## INSTRUCTIONS FOR THE TASK:
Your answer must restate the listing below word for word and contain no images.

## INPUT DATA:
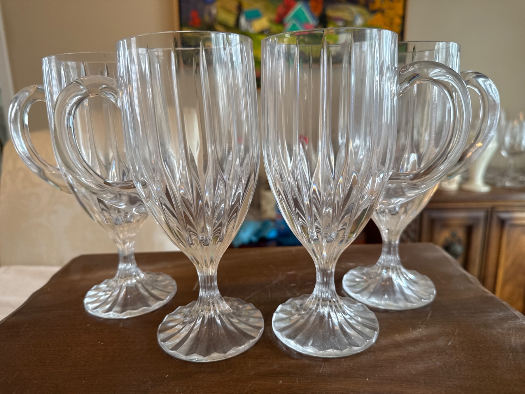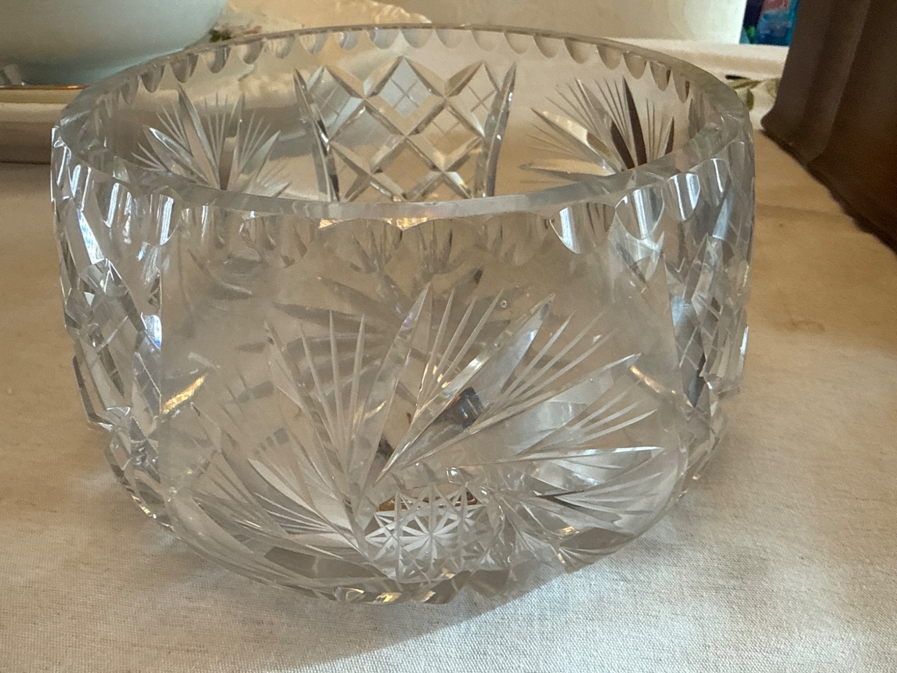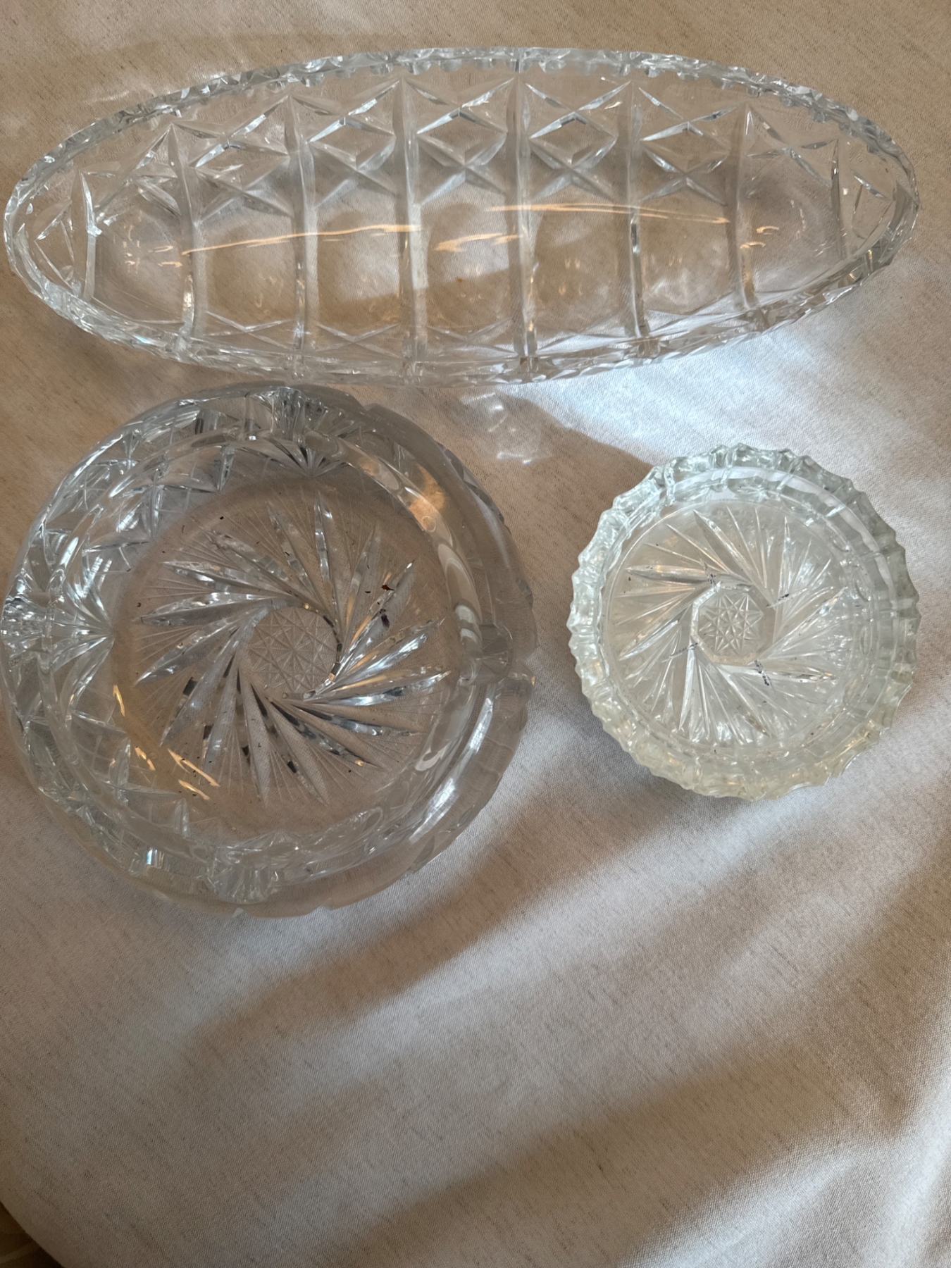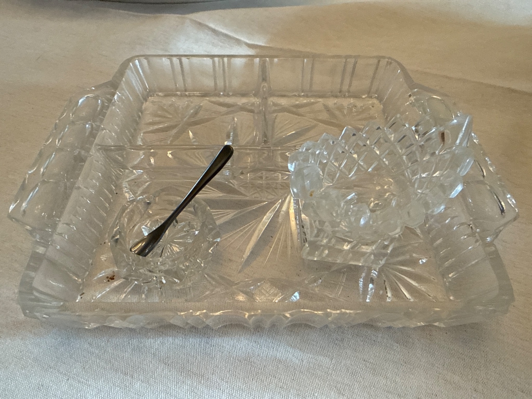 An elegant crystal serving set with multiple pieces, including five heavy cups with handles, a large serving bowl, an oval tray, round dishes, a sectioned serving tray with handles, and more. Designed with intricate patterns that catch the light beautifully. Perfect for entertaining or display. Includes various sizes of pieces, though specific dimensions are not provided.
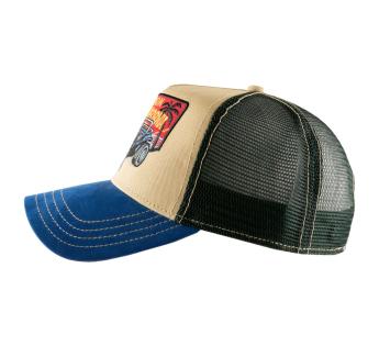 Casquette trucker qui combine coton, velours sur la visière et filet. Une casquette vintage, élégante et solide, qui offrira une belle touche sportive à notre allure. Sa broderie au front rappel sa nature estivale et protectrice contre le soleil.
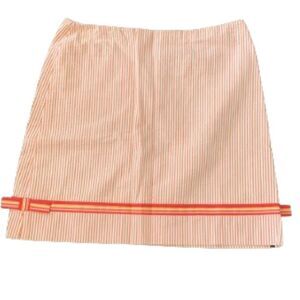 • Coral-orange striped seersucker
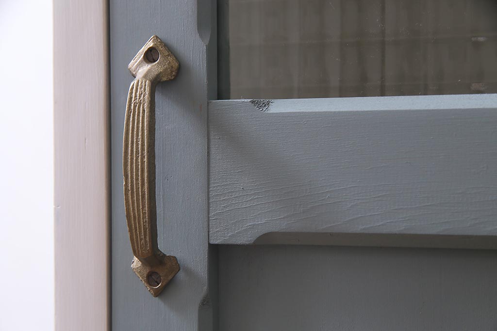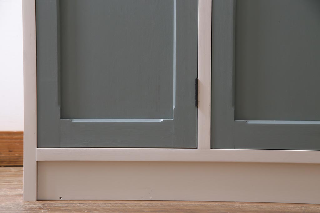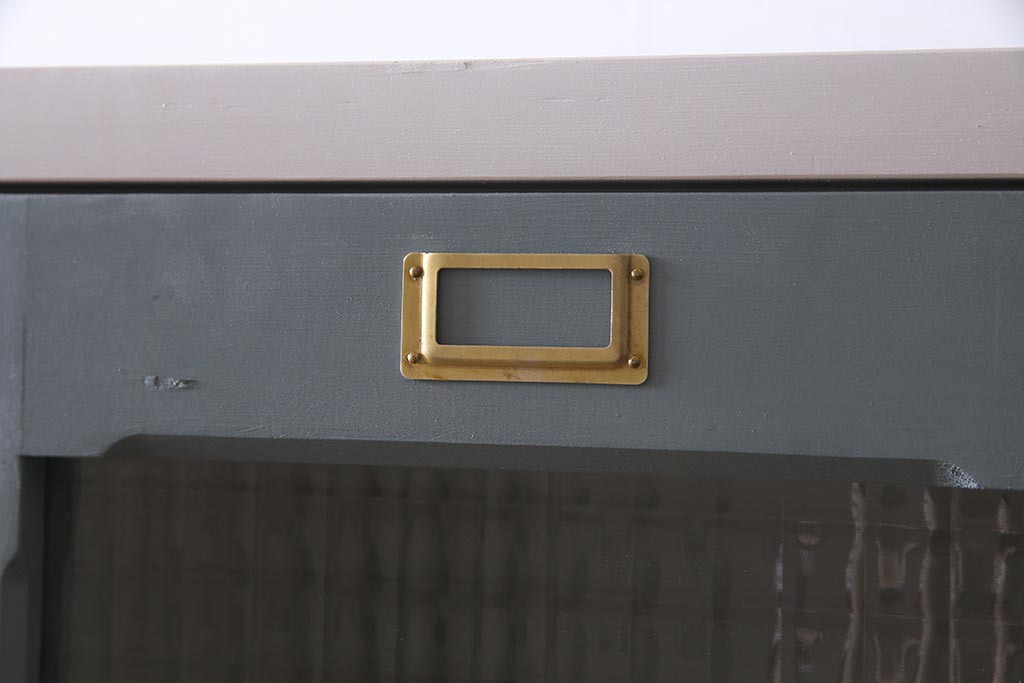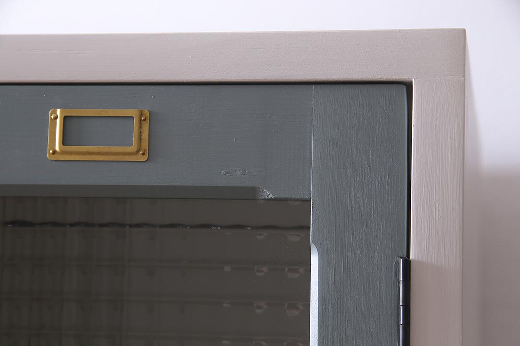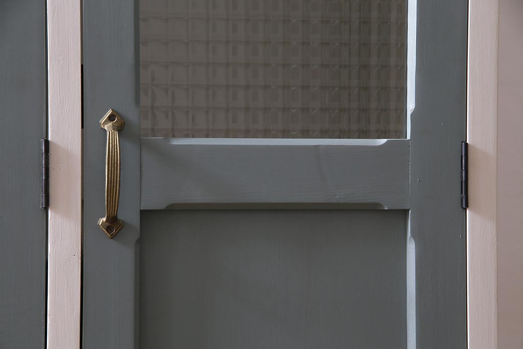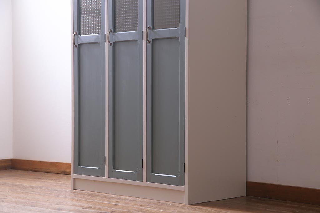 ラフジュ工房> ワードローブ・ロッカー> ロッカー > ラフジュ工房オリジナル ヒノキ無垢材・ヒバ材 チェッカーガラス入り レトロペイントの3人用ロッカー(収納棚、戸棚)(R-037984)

## ANSWER FOR THE TASK:
 An elegant crystal serving set with multiple pieces, including five heavy cups with handles, a large serving bowl, an oval tray, round dishes, a sectioned serving tray with handles, and more. Designed with intricate patterns that catch the light beautifully. Perfect for entertaining or display. Includes various sizes of pieces, though specific dimensions are not provided.
 Casquette trucker qui combine coton, velours sur la visière et filet. Une casquette vintage, élégante et solide, qui offrira une belle touche sportive à notre allure. Sa broderie au front rappel sa nature estivale et protectrice contre le soleil.
 • Coral-orange striped seersucker
 ラフジュ工房> ワードローブ・ロッカー> ロッカー > ラフジュ工房オリジナル ヒノキ無垢材・ヒバ材 チェッカーガラス入り レトロペイントの3人用ロッカー(収納棚、戸棚)(R-037984)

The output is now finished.